JSC Julia Stoschek Collection

Horizontal Vertigo: WangShui

12 Sep - 15 Dec 2019

© WangShui
HORIZONTAL VERTIGO: WANGSHUI
12 September 2019 – 15 December 2019

For their first solo presentation in Europe, WangShui will exhibit three moving-image installations produced between 2016 and 2019 that explore intimate modes of transformation. Restaging architecture, live subjects, and everyday detritus, WangShui’s diaristic works activate the hallucinatory spaces between image and object, body and screen, diaspora and descent.

In the live video installation Gardens of Perfect Exposure (2016–18), a tiered architecture made of bath fixtures serves as a spa-like habitat for dozens of pupating silkworms. Over the course of the exhibition, the silkworms undergo a slow material metamorphosis, feeding, defecating, and spinning silk cocoons (inside which they resurface their bodies). This transformation is captured by three cameras and livestreamed on the gallery walls. The live video feedback loop creates a disorienting shift between the material presence of the work and its mediated image.
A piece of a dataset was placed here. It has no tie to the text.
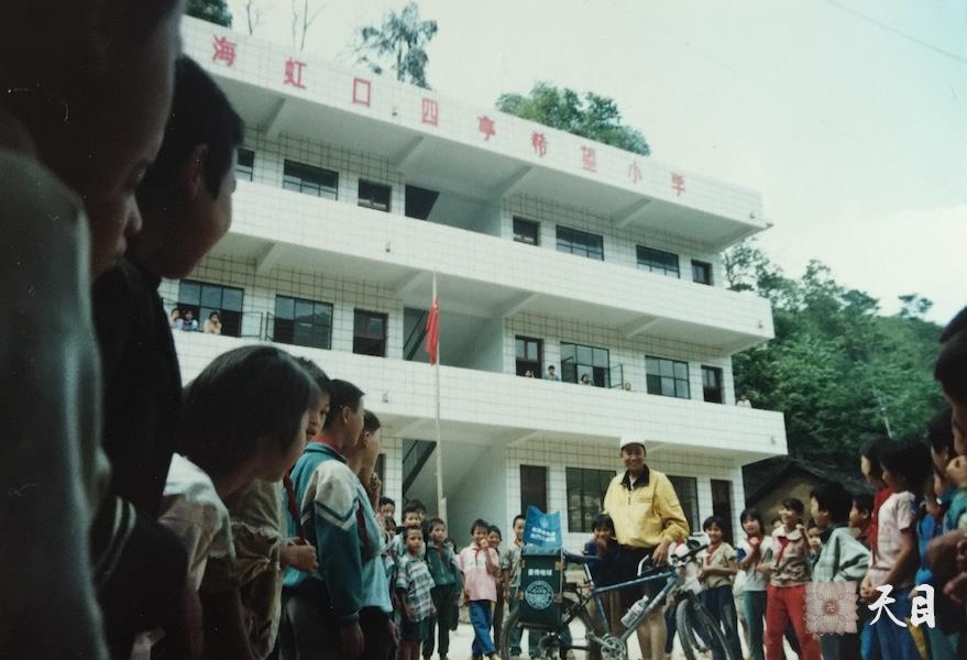 这是1999年5月20日,徐志强(出家前的圣观法师)骑行至云南富宁县,经过上海虹口四亭希望小学时,被当地师生请下来给大家宣传环保知识,并与学生们合影。

In the film From Its Mouth Came a River of High-End Residential Appliances (2017–19), long establishing drone shots slowly approach gaping holes in skyscrapers along the South China Sea. Called “dragon gates,” they are said to be designed as passages for dragons to fly from the mountains to the sea, sustaining the proper flow of energy between the natural and built environments. Locating these dragon gates as portals for formal and ideological therianthropy (shapeshifting) in the film, the narrator embarks on a sprawling sociopolitical critique of gender, cinema, and Western thought.

The exhibition will also premiere a new three-channel moving-image work commissioned by the JULIA STOSCHEK COLLECTION. Presented as the final installment in this body of work, this piece is both a place of arrival and a site of disappearance, a presence and an absence. Consisting of woven fragments of translucent LED screens used for skyline advertisements, the work is installed in a way that the ideal viewing distance lies inches beyond the gallery walls, situating the onscreen images at the edge of perception. As one approaches, both image and object begin to dematerialize, entrapping the viewer in a state between cathexis and abstraction.

WANGSHUI is part of HORIZONTAL VERTIGO, a year-long program at the JULIA STOSCHEK COLLECTION in Düsseldorf and Berlin, curated by Lisa Long.